The paperwork from Horizonte states Mafua could return to Highland if he did two things — make up a ninth-grade credit and be current in his academic progress. Highland principal Paul Schulte said Mafua did neither.

"Kids can always come back from Horizonte," Schulte said in Mafua's original hearing. Most return at the end or beginning of terms when credits are made up.

But the teen didn't want to attend Horizonte an entire quarter. Mafua said he hated Horizonte and his mother claimed it was a bad environment for her already struggling son. So she began looking to get him back in Highland or another school.

Before Mafua even transferred to Horizonte, Benson said he was approached by a teacher who asked about sending Mafua to Judge. Another Highland student who'd struggled academically transferred to Judge, which is a private school costing around $9,000 per year, and went on to do very well in school.

Benson said he agreed to sign paperwork to allow Mafua to go to Judge because it would be better for him academically. He said sports wasn't mentioned in those conversations, none of which included Mafua.
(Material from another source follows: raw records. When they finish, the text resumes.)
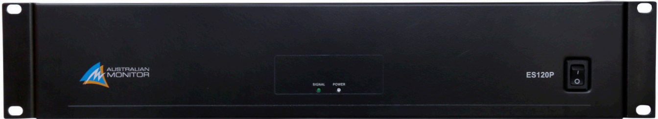
ES120P Front Panel

ES120P • ES250P • ES500P • ES2120P • ES480P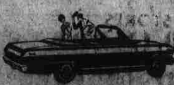
Chevy II Nova 400 Convertible

See the new Chevy II, '62 Chevrolet and '62 Corvair at your Chevrolet dealer's One-Stop Shopping Center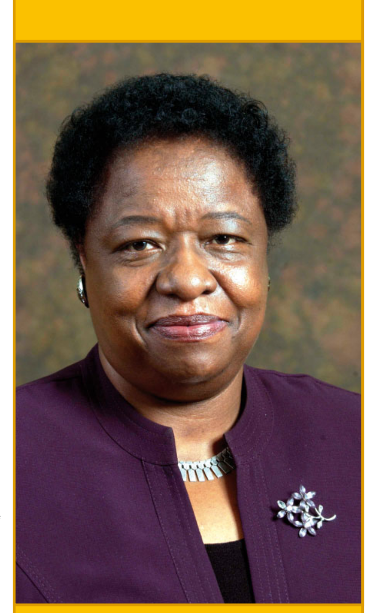
Mrs BS Mabandla, MP Minister for Justice and Constitutional Development

I am confident that with the commitment and dedication of all roleplayers in the criminal justice process, this Victims' Charter will assist in the implementation of the applicable laws in such a way that it serves its purpose - making justice a reality for all!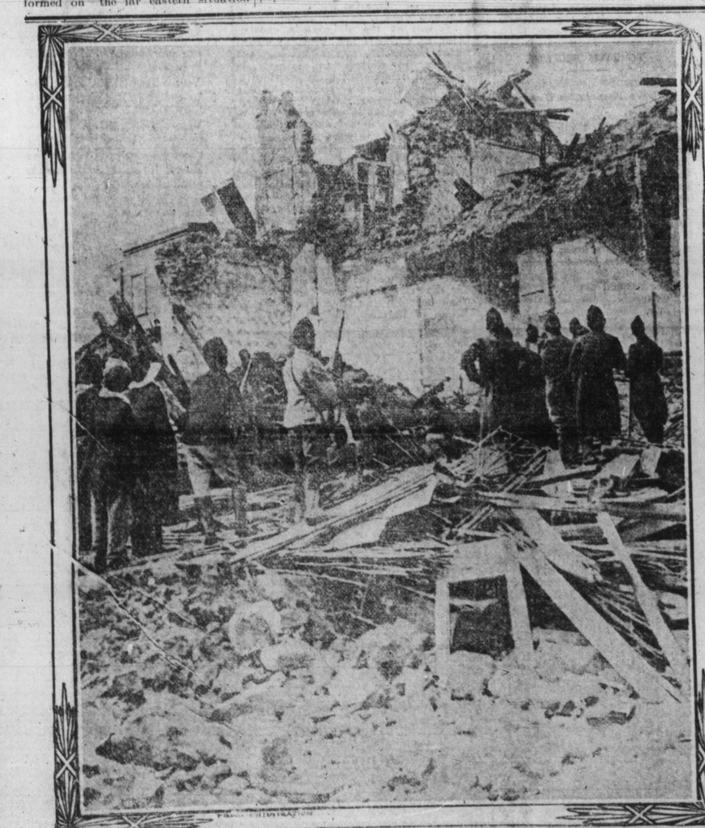
THE CHASE OF A LOOTER AMONG THE RUINS

young woman, who is very pretty, with fine black eyes and hair and a wonderfully clear complexion, and who is as ardently devoted to the cause of reform for her country as is her parent. "Yuan pretended to have the reform interest at heart, but he affected to espouse the new order of things only as a matter of personal benefit to himself. He saw that that was the "Prince Ching, who brought about Yuan's overthrow, is real progressive, whose father many persons well informed on "the far eastern situation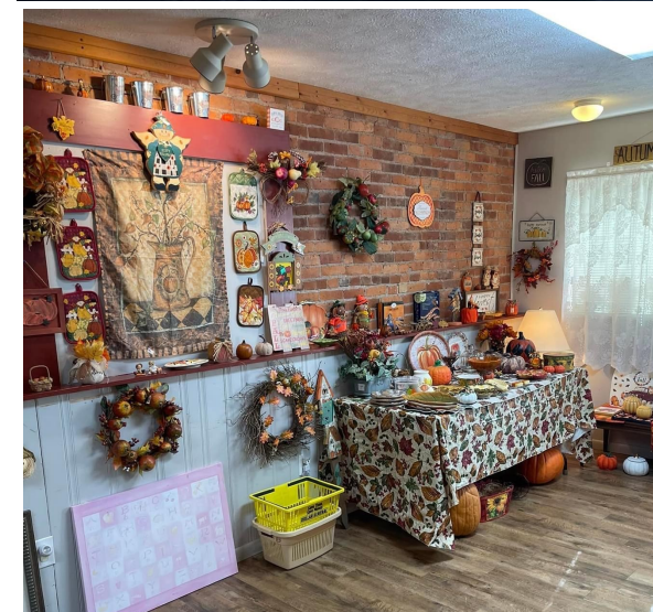
Session approved a $2000 donation to Shepherd's Closet & Closet Too. The emergency food pantry in Shepherd's Closet and the thrift stores are so important to those in need in our community. Stop in and check out the upgrades recently made to both stores.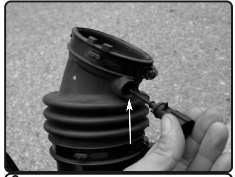
6. Now carefully remove the temperature sensor from the intake tube.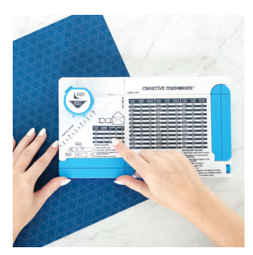
Step 1 Choose the size of bow you want to make. Then use the Bow Size chart to determine how long to cut each of the three papers. (Note that all three will be the same width.)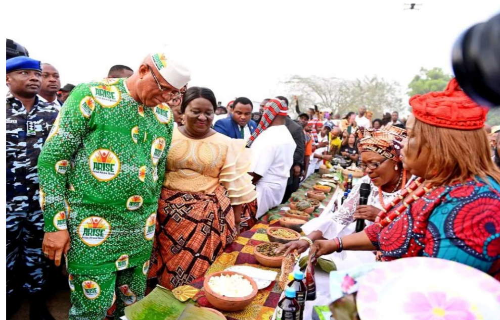
Nsit Ubium Delicacies on display at Christmas Unplugged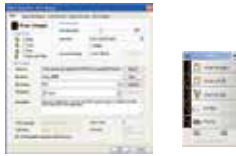
The Button Manager V2 main screen

Button Manager V2 makes it easy for you to scan and send your image to your favorite destinations with a press one button. Now the new version comes with an innovative feature to let you scan and automatically upload the scanned document to popular cloud repositories such as Google Docs, Microsoft SharePoint, or FTP. In addition, the iScan feature allows you to insert the scanned image or recognized text after optional OCR (Optical Character Recognition) process to your text editor such as Microsoft Word to get your job done easily and quickly.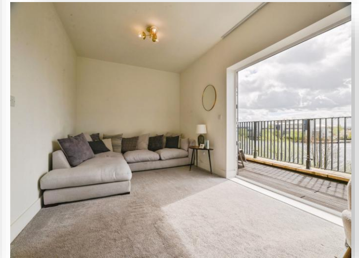
Infinity View, Stockton-On-Tees TS18 2FN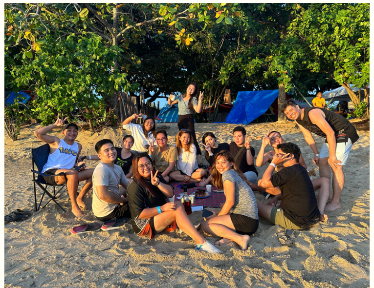
Sun, Sand, and Card Games: Unwinding with Group Card Play at the Beach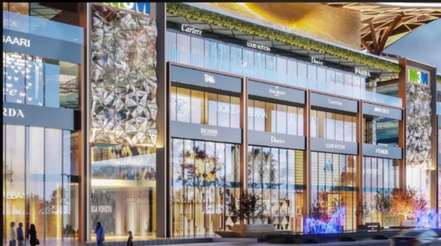
Large Glass Frontage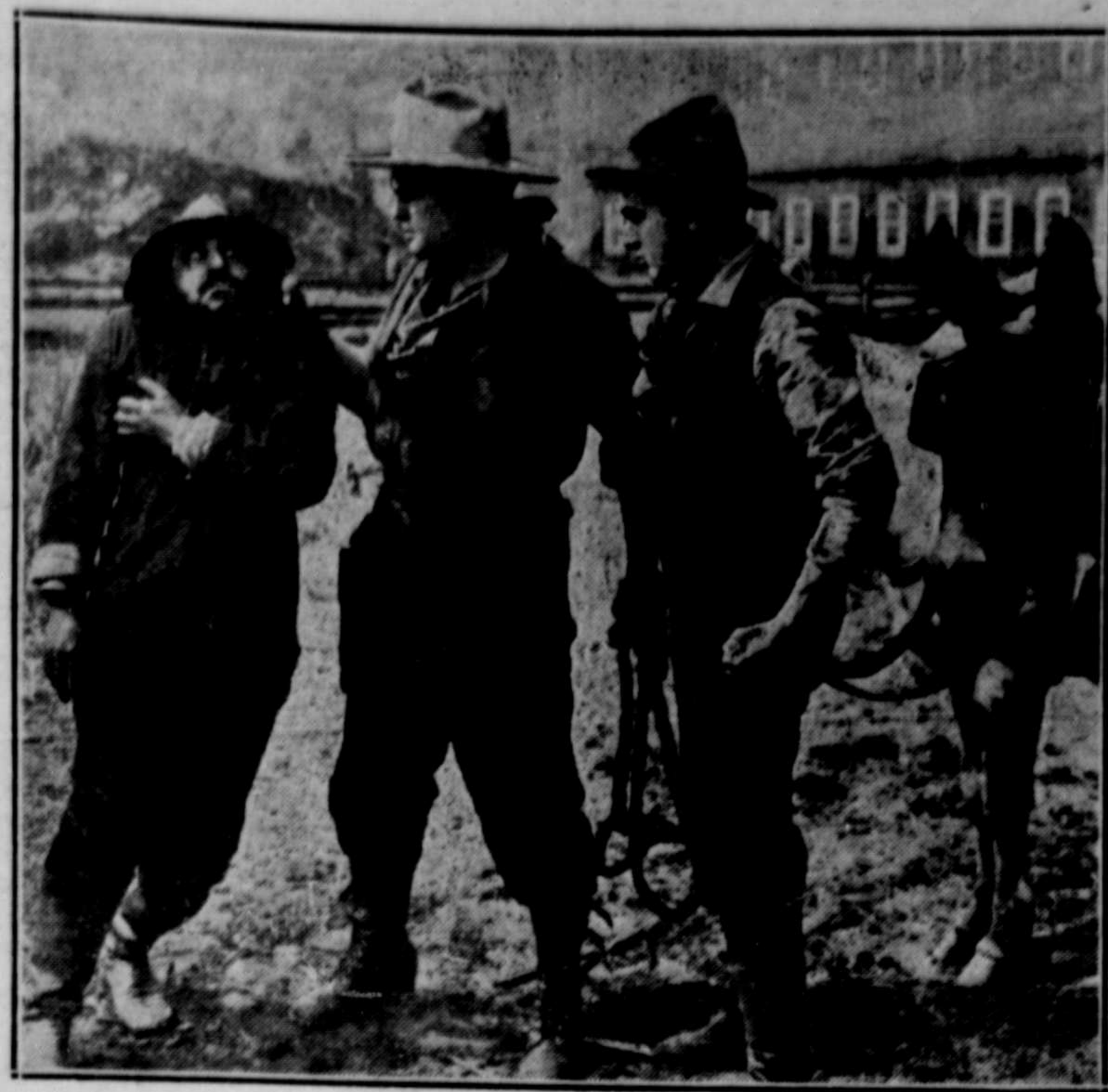
Scene from "The Plunderer," the Fox-feature at the Westholme Theatre tonight.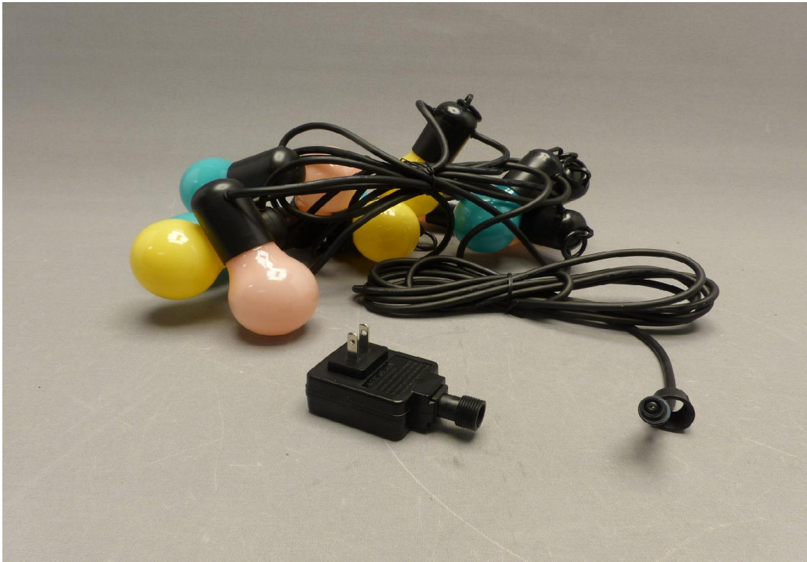
J1752-1 Solvinden - External view

Judge football coach James Cordova did call Benson and tell him Mafua had come to Judge, which is a 3A school, to talk to him about playing football for the Bulldogs. Benson said he agreed to a transfer but never received paperwork on the subject and didn't consider that transfer athletically motivated.

Benson then heard rumors that Mafua planned to return to Highland this fall, but instead, his mom showed up with transfer papers to Cottonwood.

"I said I wouldn't sign the papers for him to play at Cottonwood," Benson said in the original hearing. "I put three years into this kid, and now he's going to play for our crosstown rival? It's not for academic reasons."

Benson said on Tuesday, after Mafua was denied the opportunity to play in his appeal last week, that he firmly believes the transfer was athletically motivated.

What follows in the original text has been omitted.